Entries shown Block Start

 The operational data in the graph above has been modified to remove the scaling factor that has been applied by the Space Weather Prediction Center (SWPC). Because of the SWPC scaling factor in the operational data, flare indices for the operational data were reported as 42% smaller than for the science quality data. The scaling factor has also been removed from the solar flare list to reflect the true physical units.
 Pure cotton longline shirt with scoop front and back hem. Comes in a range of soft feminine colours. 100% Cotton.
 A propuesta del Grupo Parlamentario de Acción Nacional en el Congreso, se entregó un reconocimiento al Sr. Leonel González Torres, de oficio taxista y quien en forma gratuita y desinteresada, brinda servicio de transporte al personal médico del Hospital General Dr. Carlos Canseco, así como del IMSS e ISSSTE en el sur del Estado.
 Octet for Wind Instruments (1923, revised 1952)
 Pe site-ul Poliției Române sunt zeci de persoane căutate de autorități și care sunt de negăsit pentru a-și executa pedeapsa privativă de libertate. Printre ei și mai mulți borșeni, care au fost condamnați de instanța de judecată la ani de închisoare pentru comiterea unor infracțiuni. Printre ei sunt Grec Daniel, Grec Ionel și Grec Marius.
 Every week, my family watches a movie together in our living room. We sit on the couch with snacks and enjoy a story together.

Entries shown Block End
Entries shown Block Start

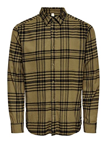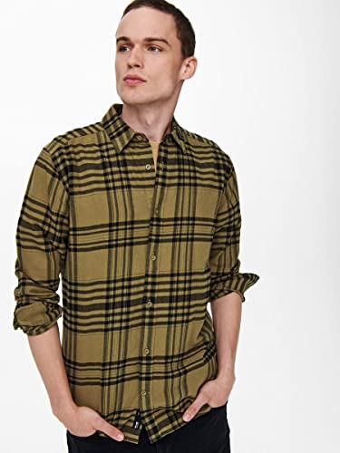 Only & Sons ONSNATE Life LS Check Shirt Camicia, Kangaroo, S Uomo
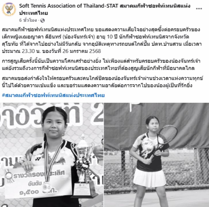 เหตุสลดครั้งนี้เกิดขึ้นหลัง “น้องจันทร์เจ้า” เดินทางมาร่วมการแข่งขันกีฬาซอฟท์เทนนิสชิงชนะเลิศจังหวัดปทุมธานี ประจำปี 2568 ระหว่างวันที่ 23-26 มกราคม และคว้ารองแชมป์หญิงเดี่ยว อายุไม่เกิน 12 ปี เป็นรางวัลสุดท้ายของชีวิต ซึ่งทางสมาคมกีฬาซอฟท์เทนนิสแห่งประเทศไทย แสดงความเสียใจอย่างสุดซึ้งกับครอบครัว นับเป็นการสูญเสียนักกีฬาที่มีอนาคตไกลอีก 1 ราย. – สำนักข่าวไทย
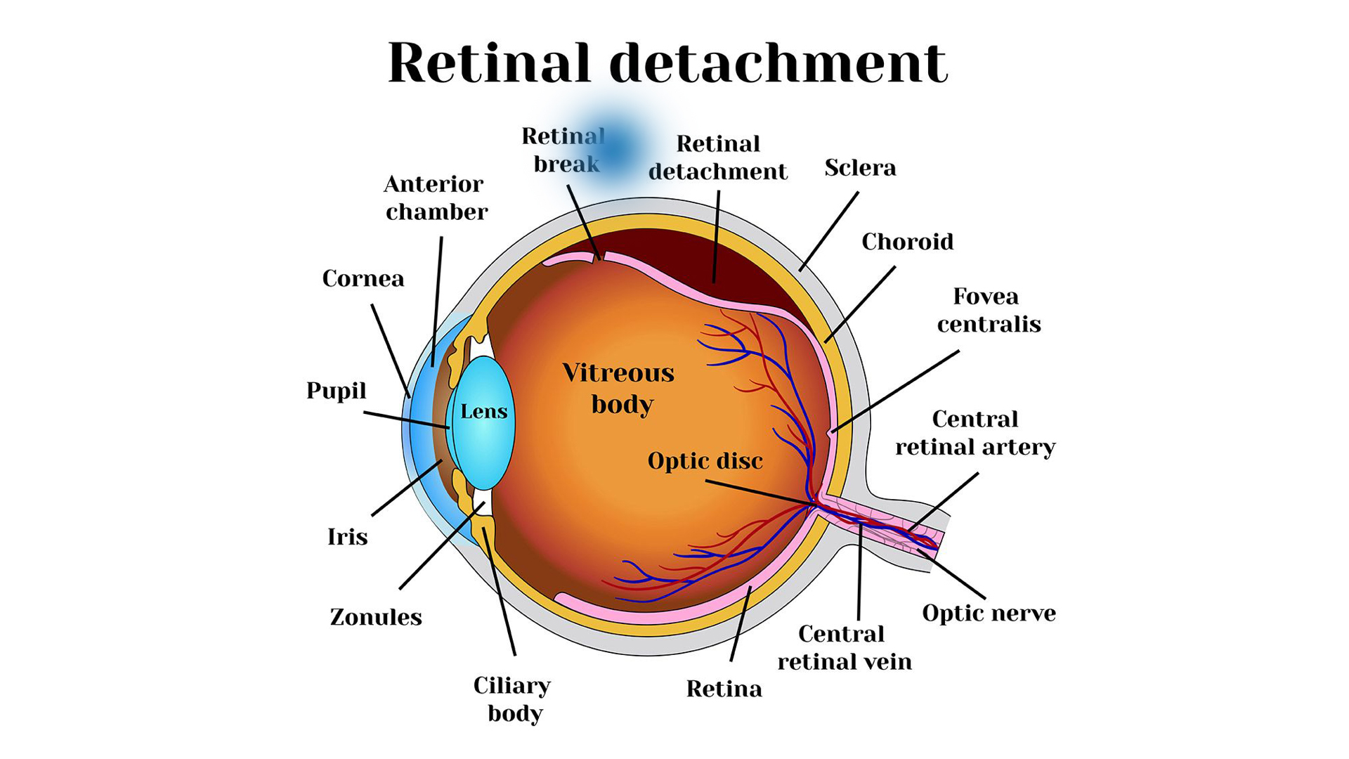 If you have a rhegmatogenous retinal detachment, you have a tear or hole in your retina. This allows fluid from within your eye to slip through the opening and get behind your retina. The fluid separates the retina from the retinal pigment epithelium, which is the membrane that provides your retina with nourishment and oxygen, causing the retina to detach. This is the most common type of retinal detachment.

Entries shown Block End

Work instruction >>
Using the data above, reproduce exactly the lines between those holding "The operational data in" and "Every week, my", inclusive, and no others.

The completed task >>
 The operational data in the graph above has been modified to remove the scaling factor that has been applied by the Space Weather Prediction Center (SWPC). Because of the SWPC scaling factor in the operational data, flare indices for the operational data were reported as 42% smaller than for the science quality data. The scaling factor has also been removed from the solar flare list to reflect the true physical units.
 Pure cotton longline shirt with scoop front and back hem. Comes in a range of soft feminine colours. 100% Cotton.
 A propuesta del Grupo Parlamentario de Acción Nacional en el Congreso, se entregó un reconocimiento al Sr. Leonel González Torres, de oficio taxista y quien en forma gratuita y desinteresada, brinda servicio de transporte al personal médico del Hospital General Dr. Carlos Canseco, así como del IMSS e ISSSTE en el sur del Estado.
 Octet for Wind Instruments (1923, revised 1952)
 Pe site-ul Poliției Române sunt zeci de persoane căutate de autorități și care sunt de negăsit pentru a-și executa pedeapsa privativă de libertate. Printre ei și mai mulți borșeni, care au fost condamnați de instanța de judecată la ani de închisoare pentru comiterea unor infracțiuni. Printre ei sunt Grec Daniel, Grec Ionel și Grec Marius.
 Every week, my family watches a movie together in our living room. We sit on the couch with snacks and enjoy a story together.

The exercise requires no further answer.